To put this timeframe into perspective, Lucia curated two other plant genomes — the box (Buxus sempervirens) and a moss (Polytrichum commune) — in a single week before embarking on the mistletoe. Curation was finished in early December 2022, another milestone achieved just before Christmas.
“There is a lot of decision making in curation, which I think is the hardest part,” Lucia reflects. “Is this the right set of sequences, or should I change the order? Is this an inversion? These kinds of structural changes you are supposed to make to the genome, it feels deep because you’re actually altering the results. I got a lot of reassurance from the Sanger team who helped out a lot.”
New year, new genome
A few final challenges remain before the Viscum album genome assembly data is uploaded to public databases for scientists worldwide to freely access.
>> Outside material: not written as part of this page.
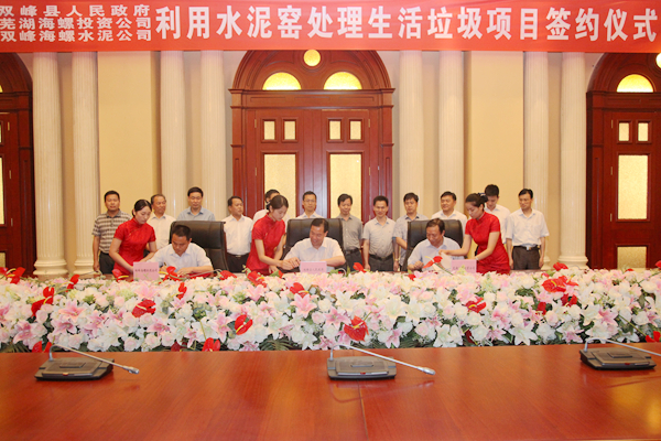 ? ? 2014年6月29日上午,雙峰縣人民政府、蕪湖海螺投資公司、雙峰海螺公司在蕪湖海螺國際會(huì )議中心東海廳正式簽署了《關(guān)于雙峰縣利用水泥窯協(xié)同處理城市生活垃圾項目合作協(xié)議》,雙峰縣縣長(cháng)楊維,縣委常委、副縣長(cháng)龍燕青,縣人大常委會(huì )副主任李仲喬;海螺創(chuàng )業(yè)總經(jīng)理紀勤應、副總經(jīng)理李大明;雙峰海螺副總經(jīng)理萬(wàn)天靜等參加了簽約儀式。

For example, although genomes as large as 100 Gbp can be uploaded, the databases cannot take individual continuous sequences of DNA larger than 2.14 Gbp. Since the mistletoe chromosomes are so large, they will need to be split into six pieces each, but still all be part of the same genome submission.
Nevertheless, the finish line for this marathon genome is in sight. “There were numerous challenges along the path, but it was well worth it. I’d do it again,” says Alex Twyford.
Where do you go from the biggest genome? Well, plant genomes do lots of complicated things. One is called polyploidy, where the plant has duplicated its genome at different points in its history. The mistletoe has not done this, it is a straightforward diploid, meaning it only has pairs of chromosomes like humans. In contrast, some plants have many more copies of the same chromosome. The adder’s tongue fern (Ophioglossum sp.) has done this to such an extent that it has well over a thousand chromosomes in each of its cells.
“Now DToL has sequenced the largest genome, I’d be keen to tackle this second challenge — the polyploidy issue,” says Alex. “With some of those polyploid genomes you’re sequencing two, or four, or eight genomes in one. Trying to untangle those is the next frontier.”